We must preserve the marriage commitment for the sake of our children. Is it any wonder that the world's greatest teacher said that it would be better for a millstone to be put around a person who hurt one of these little ones and then for that person to be dropped into the sea. Let us never forget that.
Benefits should never be based on a sexual relationship either. Benefits, if the government so chooses, could be based on a relationship of dependency. If I have time I am going to propose that positive alternative to what the Liberals have done.
This bill should not undermine the strength of the family home. If the state is to provide any incentives, it must consider the most vulnerable in our society, our children. Those incentives should promote stable family relationships where children are nurtured and developed. The state needs to promote the commitment, not the sexual act.
Let me point out that since I spoke up a week or two ago on this issue, I have received a lot of mail, both pro and con. The government's handling of this issue has created deep divisions. These divisions would have been unnecessary. Without exception the criticism I received did not counter my arguments. It only called me names. Pinning labels on those who disagree is hardly legitimate debate.
I pointed out that buggery was against the law back in the 1950s and is still in the criminal code today with two exceptions. Today one can receive benefits from the federal government if one practises it. As a noted person once said, if we want to get a jackass to listen, first we have to get his attention. By pointing out that we as a society have changed since the 1950s, people did pay attention. Many were shocked.
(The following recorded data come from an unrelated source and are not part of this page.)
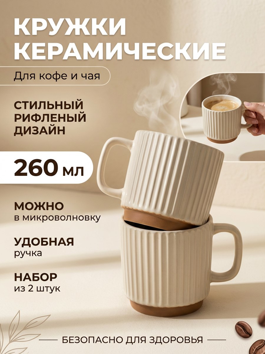 🤍 Набор керамических кружек 2 шт, 260 мл — практичное и стильное решение для ежедневного чаепития и кофе-пауз.
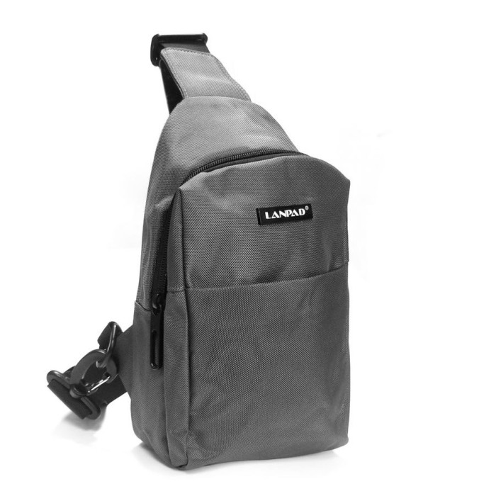 Мужская сумка Lanpad. Одно отделение, закрывается на молнию. Внутри отделения есть карман на молнии и открытый карман. На фасаде расположен карман на застежке-липучке, а на обратной стороне карман на молнии. Плечевой ремень, можно переставлять на левое/правое плечо.
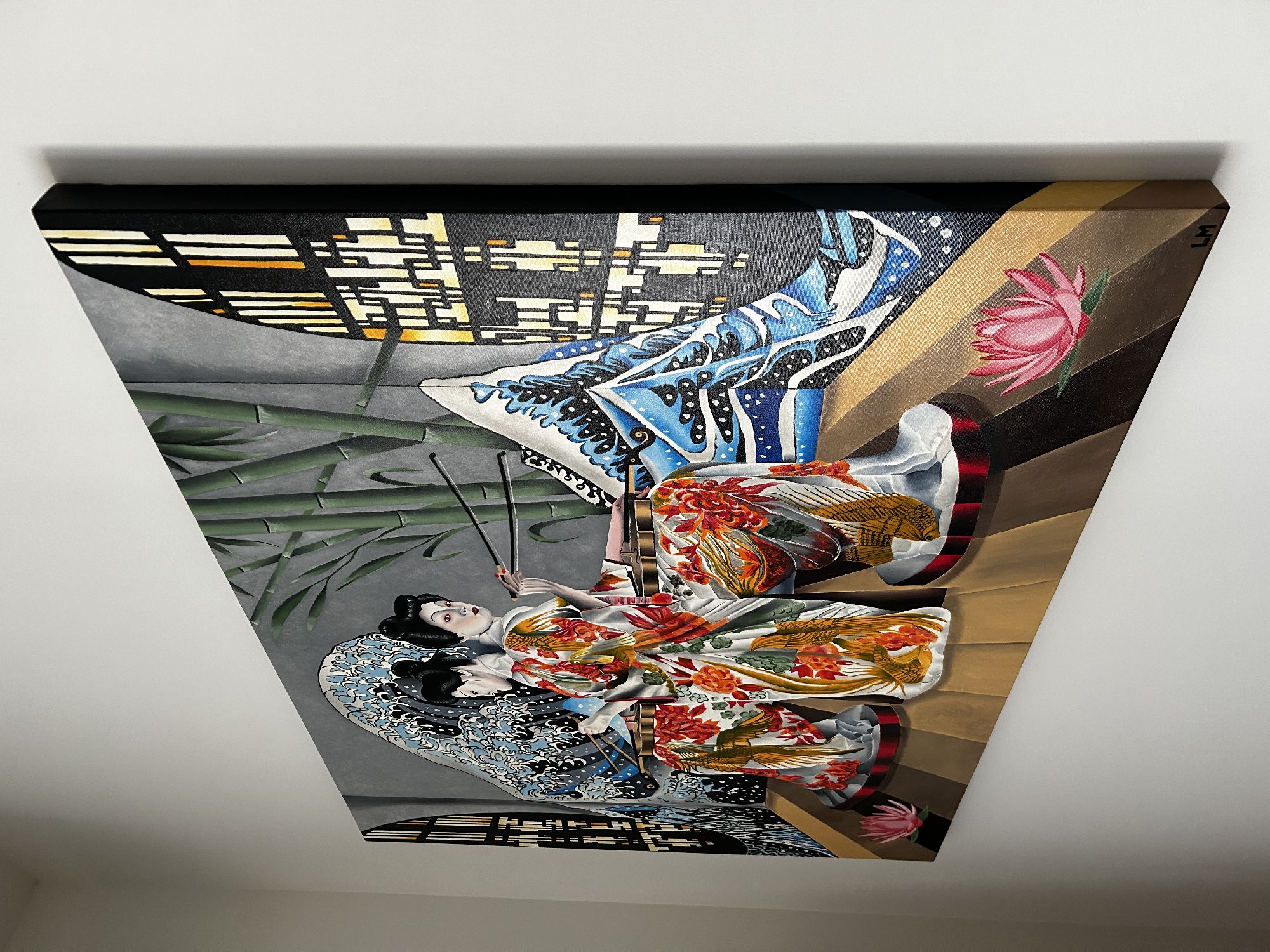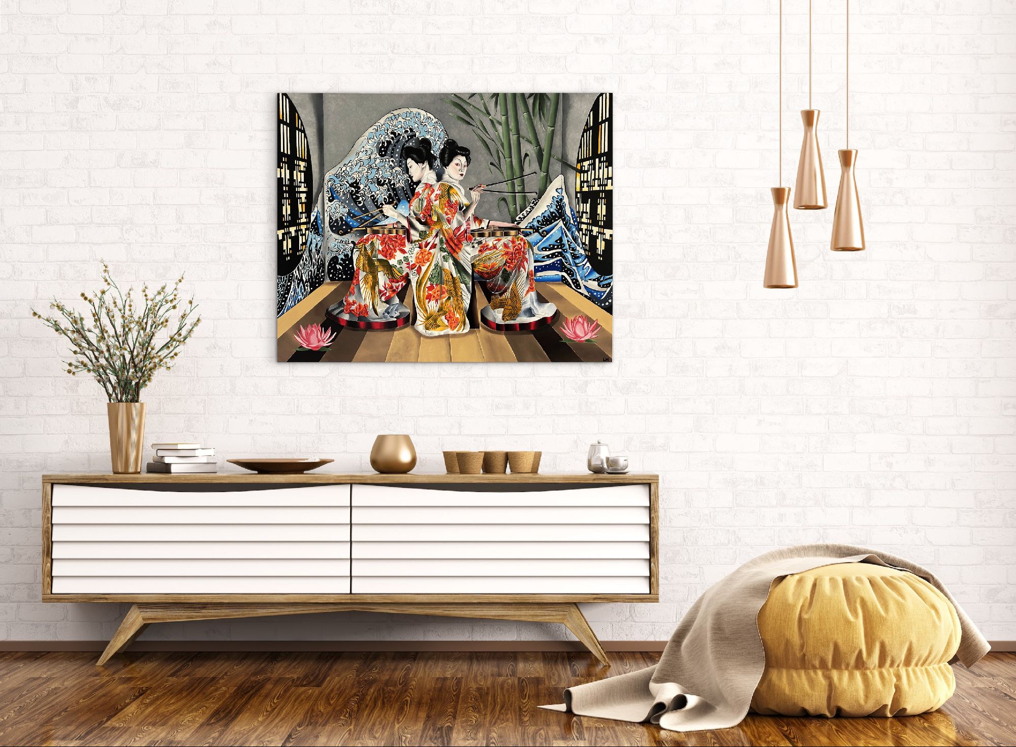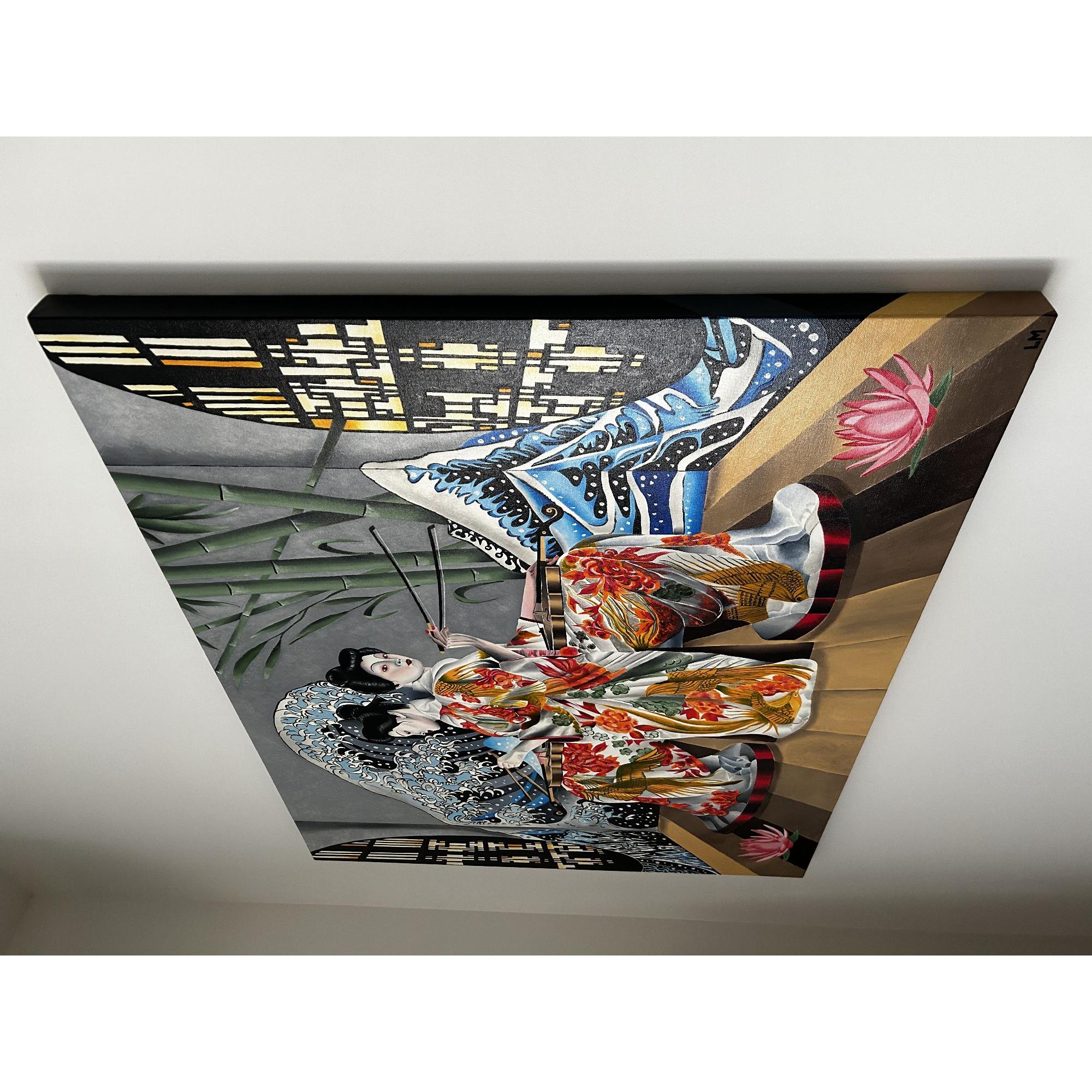 L'immagine presenta due donne vestite con kimono elaborati, che suonano strumenti musicali, immerse in un ambiente ispirato all'arte giapponese.La composizione mostra due donne identiche, speculari l'una all'altra, sedute e rivolte verso il centro, impegnate a suonare un violino.L'azione si concentra su questo elemento centrale, con le donne che usano bacchette per suonare. Lo sfondo è simmetrico e ricco di elementi decorativi: onde stilizzate di colore blu e bianco, come quelle dell'arte di Hokusai, fanno da cornice alle figure, mentre sullo sfondo si intravedono dei bambù e delle finestre con un design geometrico.La disposizione degli elementi crea un senso di equilibrio e armonia, tipico dell'arte giapponese
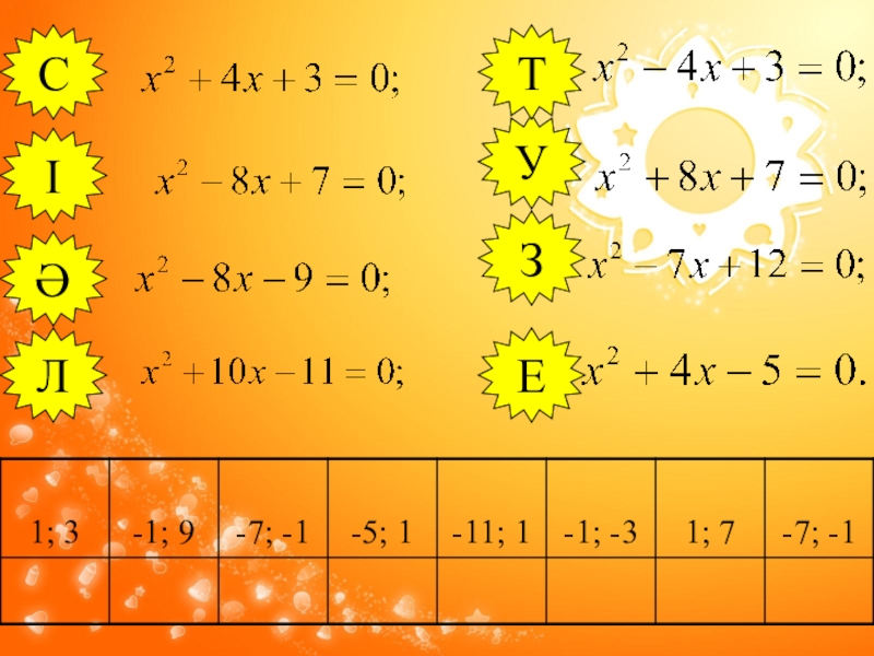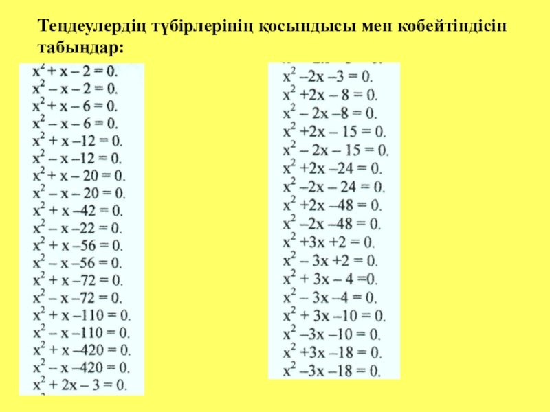 Слайд 9Теңдеулердің түбірлерінің қосындысы мен көбейтіндісін табыңдар:
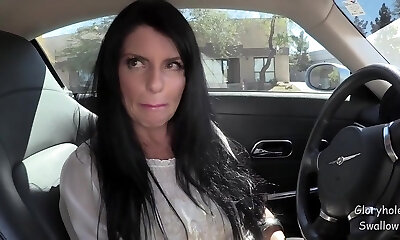 Kinky MILF slut swallow cock in moving truck
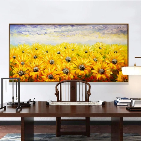 Tranh phong cảnh vẽ cánh đồng hoa hướng dương treo trang trí phòng khách gia đình Bức tranh cánh đồng hoa là một món quà ý nghĩa dành tặng người thân, bạn bè, đối tác…
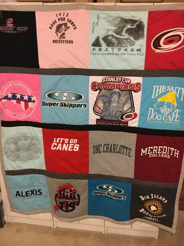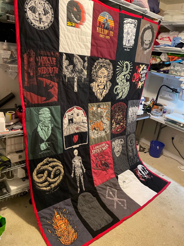 Here’s a queen size “t-shirt block to t-shirt block quilt. Too big to get in a single shot.

Here is another aside. Those who are preaching tolerance and respect, those who are criticizing me now quite verbally, do not respect the alternate point of view or even listen to the arguments.
The experience I have had in dealing with children is underscored by Statistics Canada data. I would now like to go through that. Two years ago Edmonton journalist Lorne Gunter analyzed how costly common law relationships are for taxpayers. Here are some of the startling facts he found published in Statistics Canada data.
Sixty per cent of domestic violence occurs in common law marriages. The chance that a woman or a man in a common law arrangement will be the victim of abuse is more than nine times that of a married person.
Sixty-three percent of children born in common law relationships will witness their parents separate before they reach 11 years of age. This compares to just 14% for those children whose parents never lived together before marrying and 26% of those children whose parents shacked up together before getting married.
Forty percent of common law relationships end before marriage. Couples who live together before exchanging marriage vows are more than 50% more likely to divorce than couples who did not shack up.
How do these family breakups affect children? Children whose parents' relationship breaks down are much more likely to underachieve in school and in life. They are twice as likely to drop out of school. Girls are nearly three times as likely to get pregnant before leaving their teens and far more likely to have abortions. Suicides are higher. Illegal drug use is greater. They are nearly six times more likely to get in trouble with the law. Four out of every five convicts come from broken homes.
Mr. Gunter's conclusion is that marital breakdown is a leading cause of social problems, perhaps the leading cause. Because common law relationships are so prone to breakdown, they contribute disproportionately to social ills and everyone must live with them and subsidize them.
I gather from the comments from across the way, the members are not even listening to the relevance of this argument.